Decomposing Series
The trend extraction methods covered in the other vignettes return a
single smooth component. Often, though, an economic series is more
naturally described as the sum of three parts: a slow-moving
trend, a repeating seasonal pattern,
and an irregular remainder.
decompose_series() splits a series into these three
components and adds them as columns to the original data frame.
The theme below is used throughout the vignette for consistent styling.
library(ggplot2)
theme_series <- theme_minimal(paper = "#fefefe") +
theme(
legend.position = "bottom",
panel.grid.minor = element_blank(),
strip.background = element_rect(fill = "#2c3e50"),
strip.text = element_text(color = "#fefefe"),
axis.ticks.x = element_line(color = "gray40", linewidth = 0.5),
axis.line.x = element_line(color = "gray40", linewidth = 0.5),
axis.title.x = element_blank(),
palette.colour.discrete = c(
"#2c3e50",
"#e74c3c",
"#f39c12",
"#1abc9c",
"#9b59b6"
)
)Trend extraction vs decomposition
It is worth being clear about the difference between this function
and augment_trends().
-
augment_trends()returns only the trend (trend_*columns). The seasonal and irregular movements are simply smoothed away. -
decompose_series()returns all three components (trend_*,seasonal_*, andremainder_*), and they add back up exactly to the original series.
Because there is a seasonal component,
decompose_series() requires seasonal data: monthly
(frequency = 12) or quarterly (frequency = 4).
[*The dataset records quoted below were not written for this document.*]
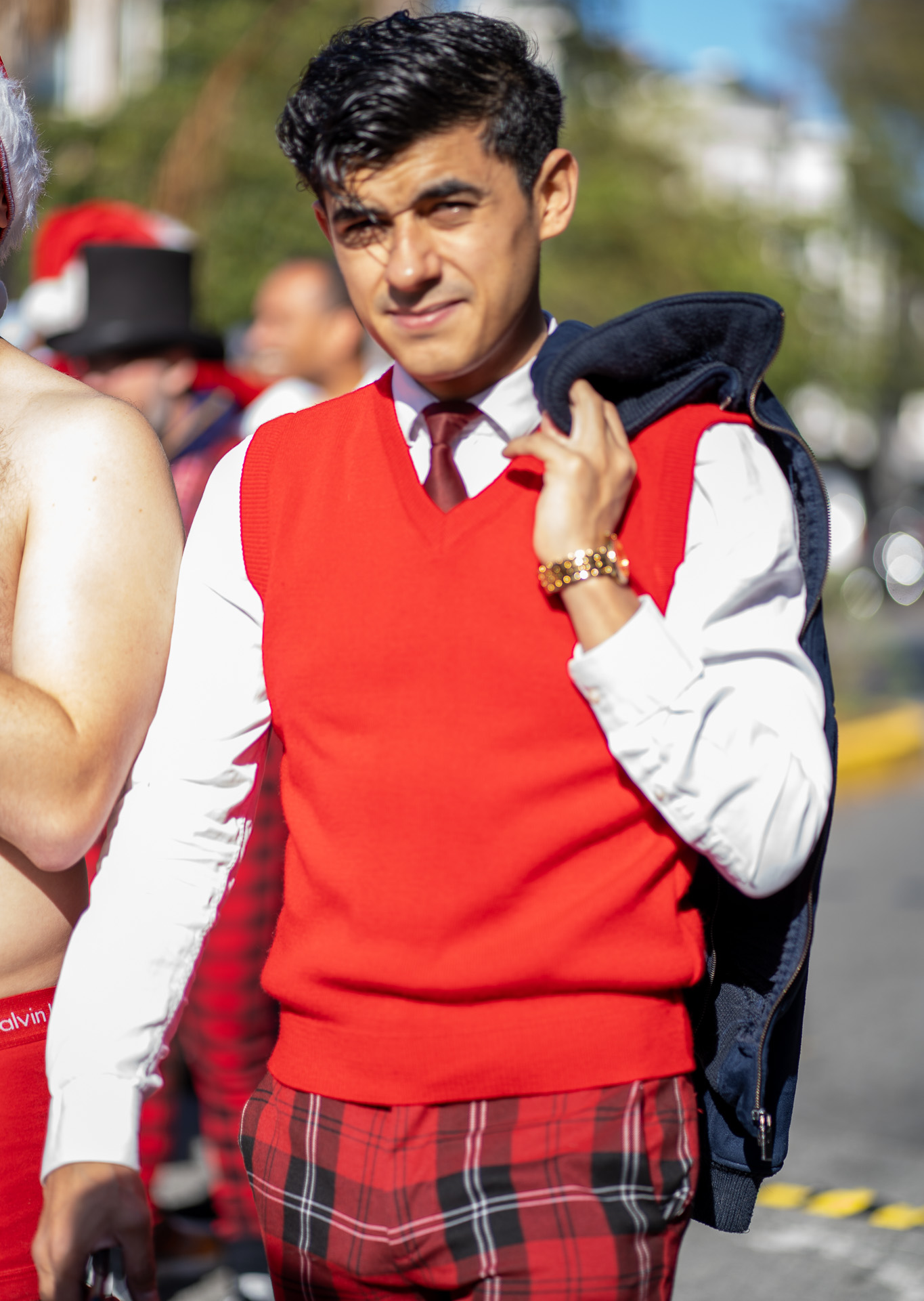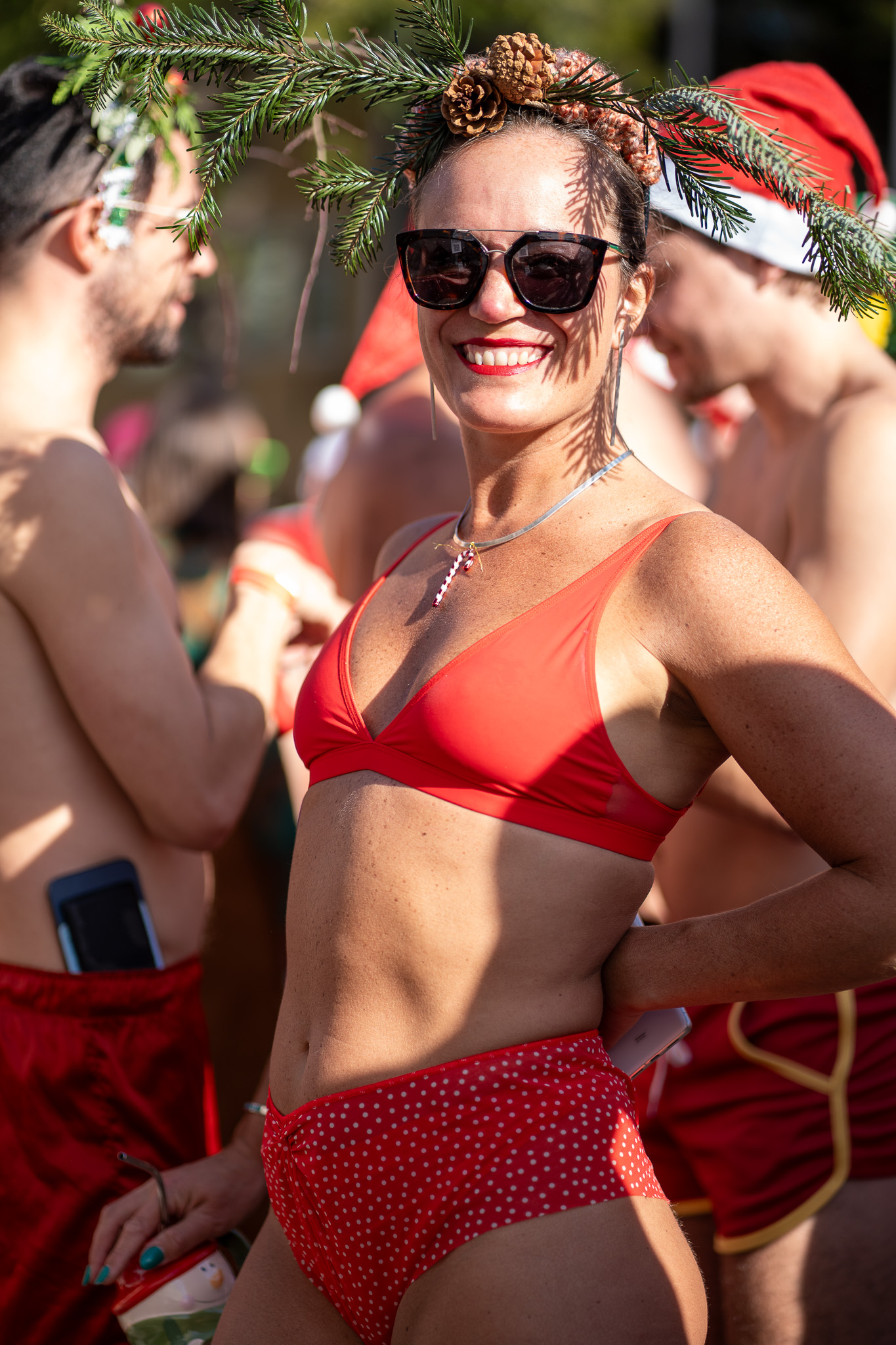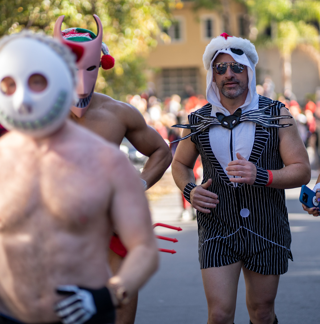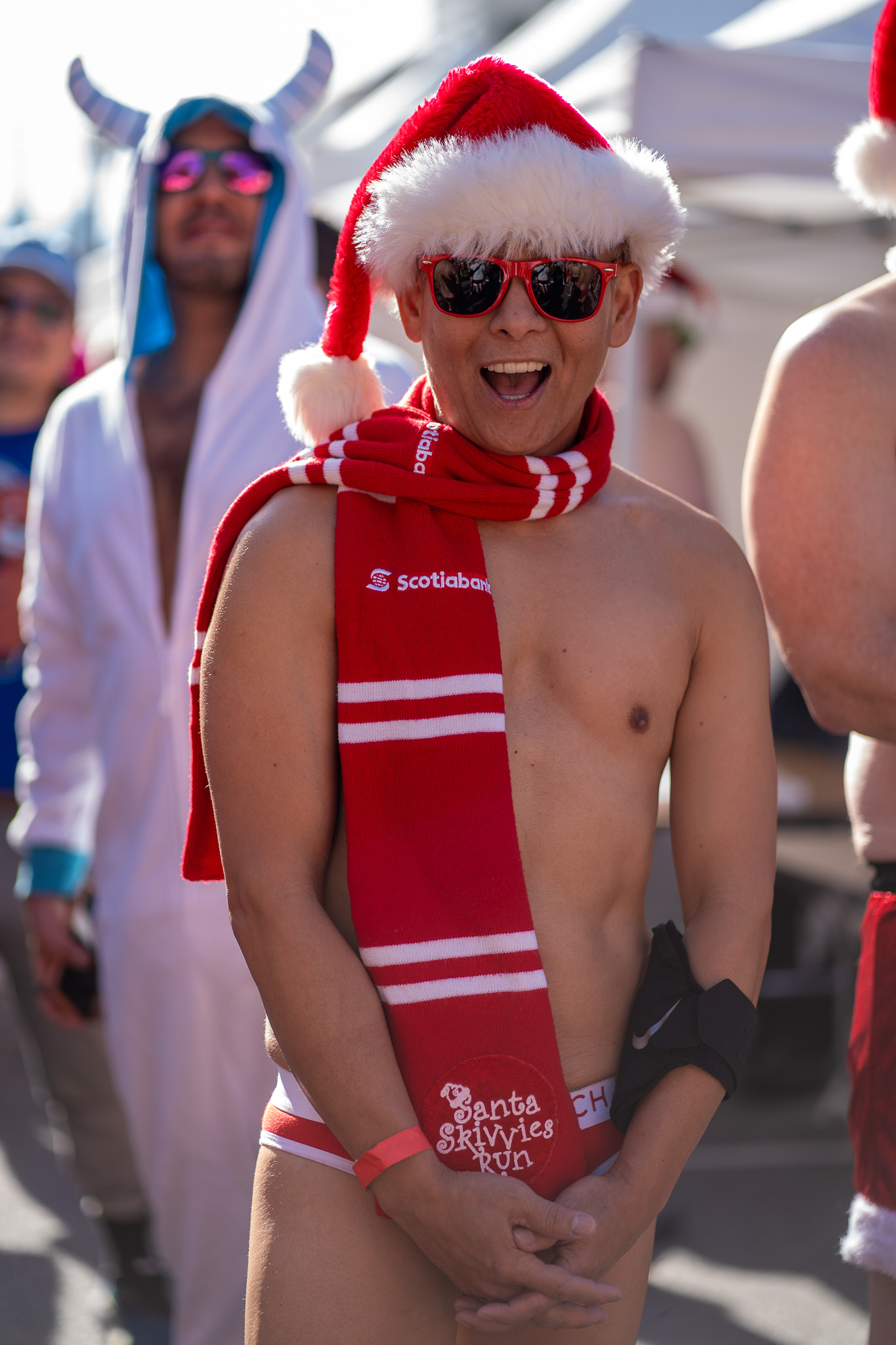 Santa Skivvies means something different for everyone. Juan Ramon has been volunteering in Castro for quite awhile, for instance, marking the 7th year he joined on Sunday. He definitively won the most decked out award, donning a full-coverage outfit with false abs, a Santa cape, and festive homemade green slippers — I assume left over from last year’s Grinch outfit.
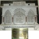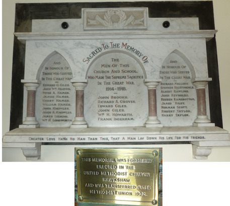 Above Central Panel: SACRED TO THE MEMORY OF CENTRAL PANEL: THE/ MEN OF THIS/ CHURCH AND SCHOOL,/ WHO MADE THE SUPREME SACRIFICE/ IN THE GREAT WAR./ 1914-1918/ (names); Left Panel: AND/ IN HONOUR OF/ THOSE WHO SERVED/ IN THE GREAT WAR/ (names); Right Panel: AND/ IN HONOUR OF/ THOSE WHO SERVED/ IN THE GREAT WAR/ (names); Base Border- GREATER LOVE HATH NO MAN THAN THIS, THAT A MAN LAY DOWN HIS LIFE FOR HIS FRIENDS; Brass Plaque-THIS MEMORIAL WAS FORMERLY/ERECTED IN THE/UNITED METHODIST CHURCH/HAWKSHAW/AND WAS TRANSFERRED AFTER/METHODIST UNION 1932
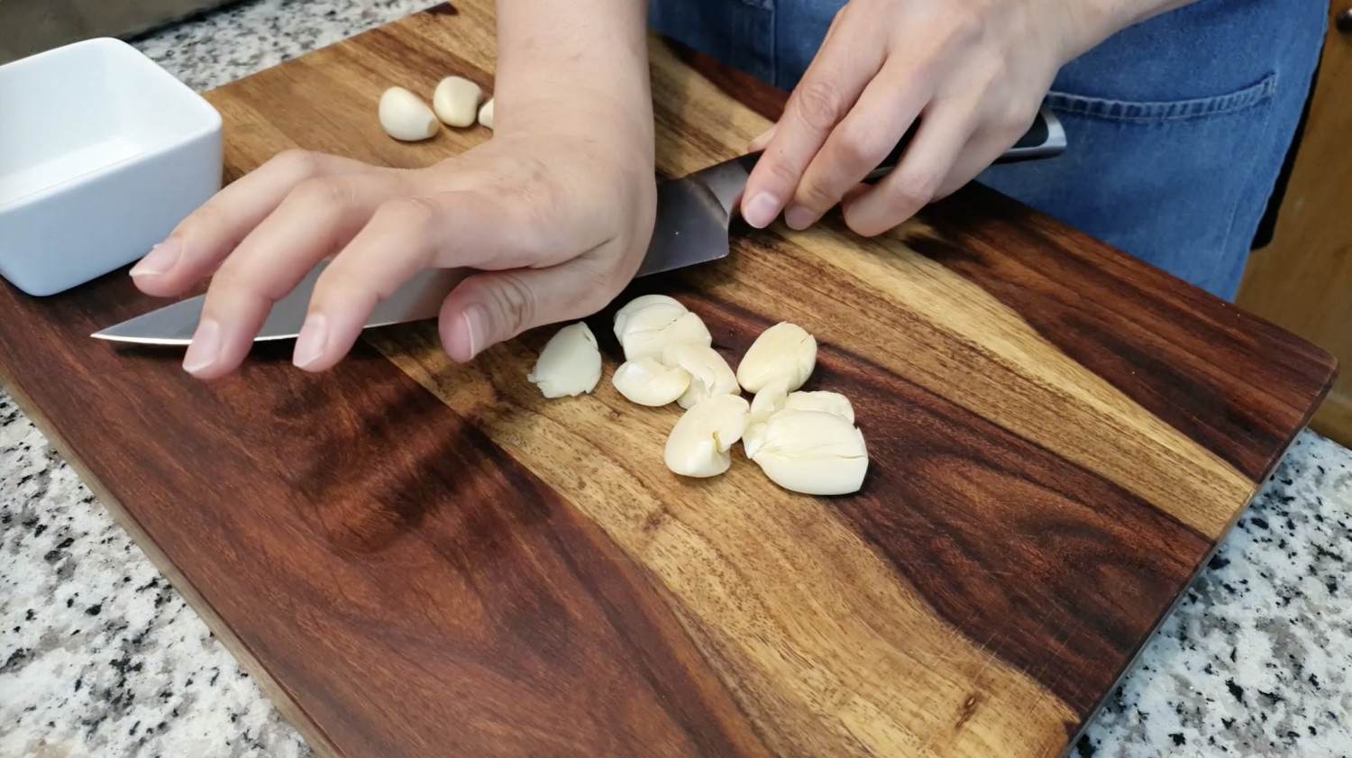 마늘 10알은 칼날을 눕혀 살짝 짓눌러 주세요.
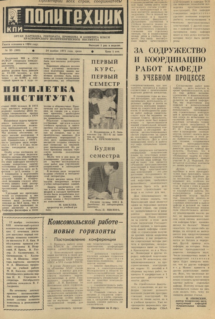 Политехник : газета. 1971 г. № 35 (263) (24 ноября)
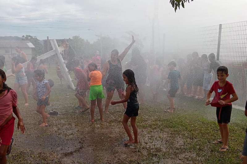 Em meio às altas temperaturas, os bombeiros promoveram uma interação especial com as crianças, jogando água e transformando o calor escaldante em pura diversão.
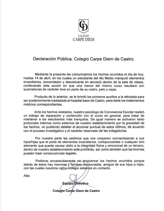 En paralelo, la dirección del Colegio Carpe Diem se refirió al delicado incidente, condenando el ataque junto con brindar la contención a la comunidad educativa, sin entregar mayores detalles por la naturaleza reservada de la investigación.
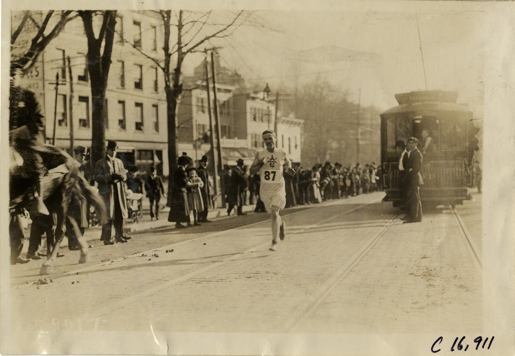 View of runner competing in marathon race. Streetcar in background; spectators watch from roadside. Stamped on back: "Spooner & Wells, Inc., photographers, telephones 3472-3473 Columbus, 1931 Broadway, New York." Handwritten on back: "Sporting events--Track and field, 1910."
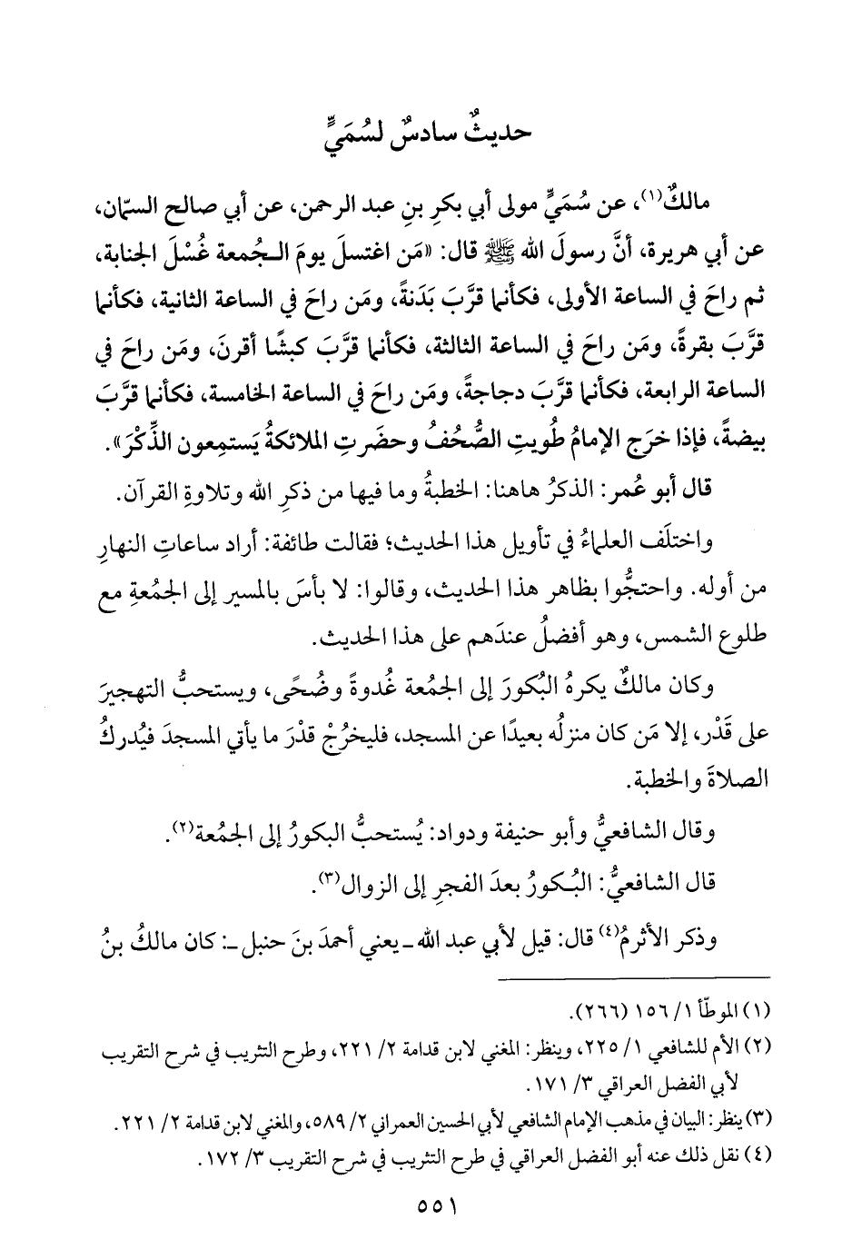 مالكٌ (¬١)، عن سُمَيٍّ مولى أبي بكرِ بنِ عبد الرحمن، عن أبي صالح السمّان، عن أبي هريرة، أنَّ رسولَ اللَّه -صلى اللَّه عليه وسلم- قال: "مَن اغتسلَ يومَ الجُمعة غُسْلَ الجنابة، ثم راحَ في الساعة الأولى، فكأنما قرَّبَ بَدَنةً، ومَن راحَ في الساعة الثانية، فكأنما قرَّبَ بقرةً، ومَن راحَ في الساعة الثالثة، فكأنما قرَّبَ كبشًا أقرنَ، ومَن راحَ في الساعة الرابعة، فكأنما قرَّبَ دجاجةً، ومَن راحَ في الساعة الخامسة، فكأنما قرَّبَ بيضةً، فإذا خرَج الإمامُ طُويتِ الصُّحُفُ وحضَرتِ الملائكةُ يَستمِعون الذِّكْرَ".
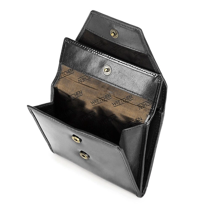 - portfel posiada zdobienie w postaci blaszki z herbem WITTCHEN w kolorze starego złota
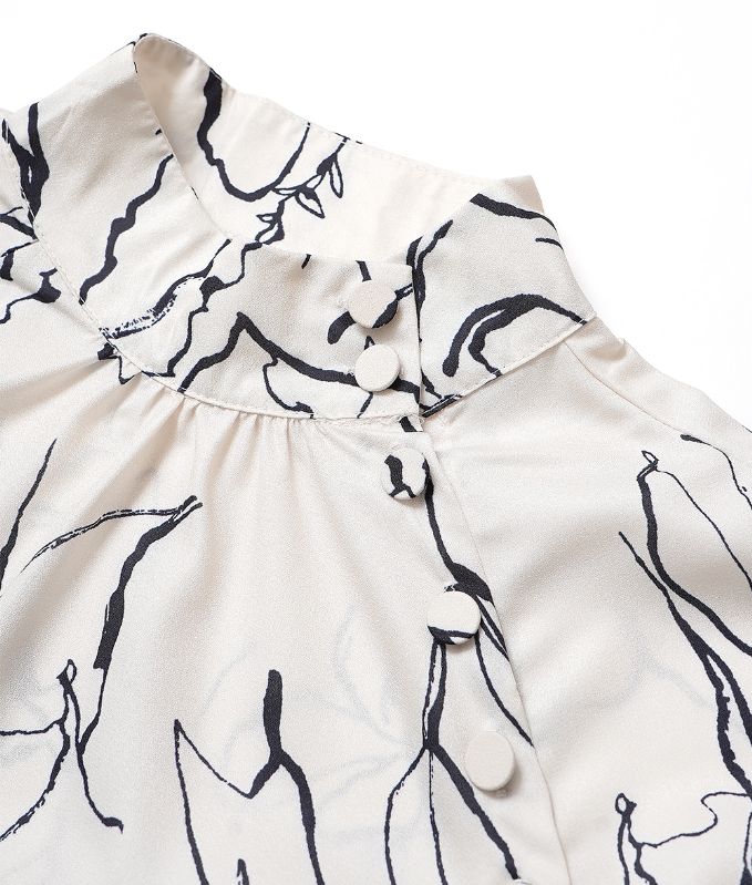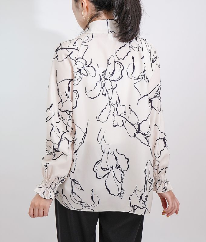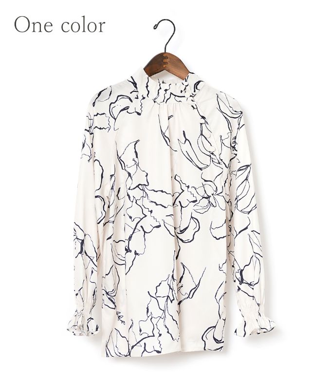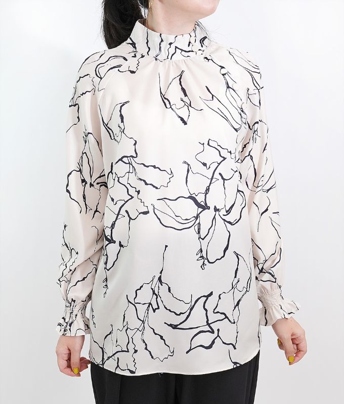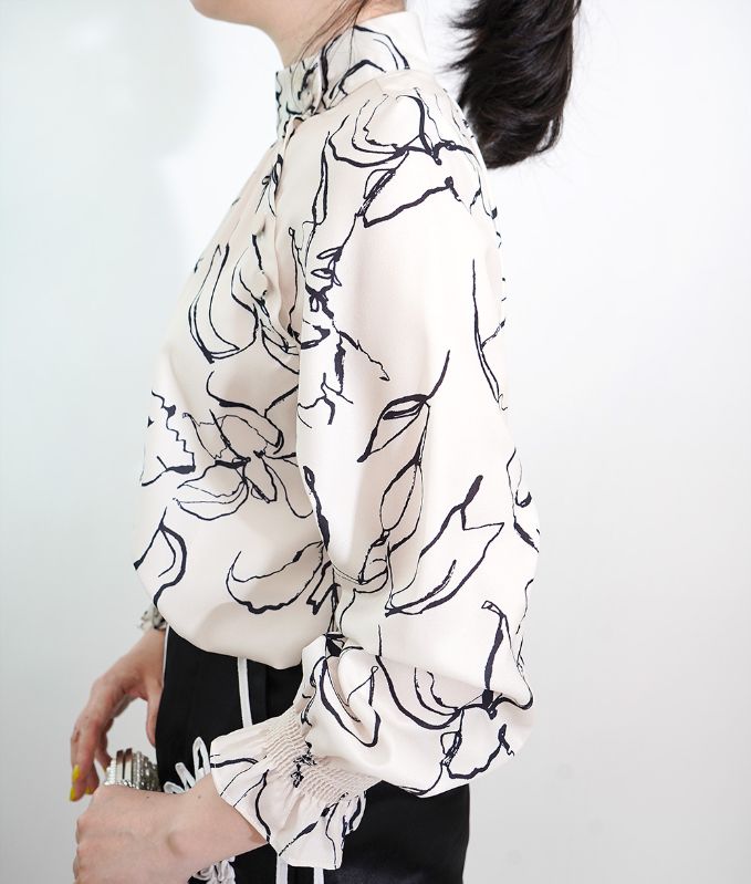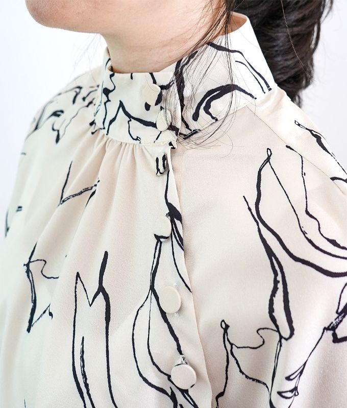 モノトーンの手書きのような線画模様が上品なハイネックブラウス。ハイネックの高め襟とキャンディースリーブのギャザーが大人っぽくアクセントに。シフォン生地のさらさらした生地感で肌にまとわりつかず柔らかい着心地です。落ち着いたカラートーンできれいめ上品アイテムなのでフォーマルコーデやオフィスコーデにもおすすめです。※生地の裁断により、柄の出方が違う場合がございますので、予めご了承下さい。
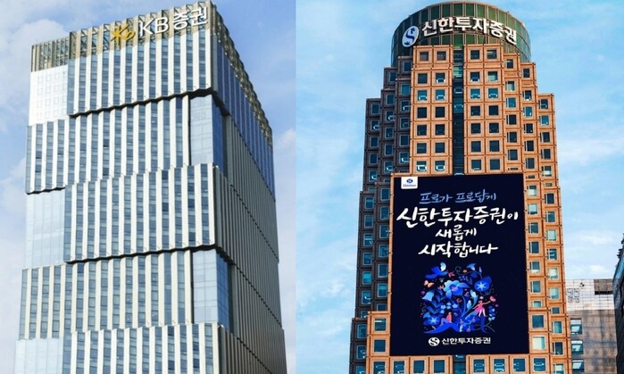 ▲ KB증권(왼쪽)과 신한투자증권 사옥 전경 [사진=각사 제공] |
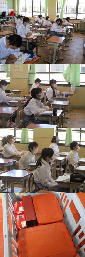 午後から登校してきた生徒の授業の様子です。3時間しか授業はありませんが,昼から3時間というのは,あまり経験したことがないと思います。身体が疲れていると思いますので,家でゆっくり休みましょう。
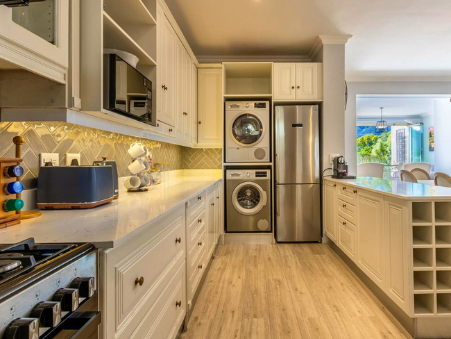 The fully equipped kitchen makes self-catering easy, with a stove, oven, microwave, refrigerator, dishwasher, toaster, and coffee and tea-making facilities. Laundry needs are met with a washing machine and tumble dryer. Outside, guests can relax on the balcony or enjoy a braai/barbecue using the outdoor furniture, making the villa ideal for both restful escapes and social gatherings.

For annual series there is nothing seasonal to isolate, so use
augment_trends() instead.
A first decomposition
Let’s start with the gdp_construction dataset, a
quarterly index of Brazilian construction activity that ships with
trendseries.
ggplot(gdp_construction, aes(date, index)) +
geom_line(lwd = 0.7) +
scale_x_date(date_breaks = "2 years", date_labels = "%Y") +
labs(
title = "Brazilian construction activity",
y = "Index"
) +
theme_series
Passing the data to decompose_series() adds three new
columns. The frequency is detected automatically from the date
column.
gdp_parts <- gdp_construction |>
decompose_series(value_col = "index")
gdp_parts
#> # A tibble: 124 × 5
#> date index trend_stl seasonal_stl remainder_stl
#> <date> <dbl> <dbl> <dbl> <dbl>
#> 1 1995-01-01 100 102. -4.37 1.93
#> 2 1995-04-01 100 101. -1.62 0.476
#> 3 1995-07-01 100 100. 4.44 -4.62
#> 4 1995-10-01 100 99.4 1.55 -0.946
#> 5 1996-01-01 97.8 101. -4.37 1.42
#> 6 1996-04-01 101. 102. -1.62 0.613
#> 7 1996-07-01 107. 103. 4.44 0.370
#> 8 1996-10-01 103. 104. 1.55 -2.49
#> 9 1997-01-01 101. 106. -4.37 -0.530
#> 10 1997-04-01 108. 109. -1.62 0.849
#> # ℹ 114 more rowsThe three components are named after the method (stl by
default): trend_stl, seasonal_stl, and
remainder_stl.
Reshaping to long format makes it easy to plot the original series alongside its three components.
gdp_long <- gdp_parts |>
pivot_longer(
cols = c(index, trend_stl, seasonal_stl, remainder_stl),
names_to = "component",
values_to = "value"
) |>
mutate(
component = factor(
component,
levels = c("index", "trend_stl", "seasonal_stl", "remainder_stl"),
labels = c("Observed", "Trend", "Seasonal", "Remainder")
)
)
ggplot(gdp_long, aes(date, value)) +
geom_line(aes(color = component), lwd = 0.7, show.legend = FALSE) +
facet_wrap(vars(component), ncol = 1, scales = "free_y") +
scale_x_date(date_breaks = "2 years", date_labels = "%Y") +
labs(
title = "STL decomposition of construction activity",
subtitle = "Observed = Trend + Seasonal + Remainder",
y = NULL
) +
theme_series
STL decomposition
The default method is STL (Seasonal-Trend
decomposition via Loess), implemented with stats::stl().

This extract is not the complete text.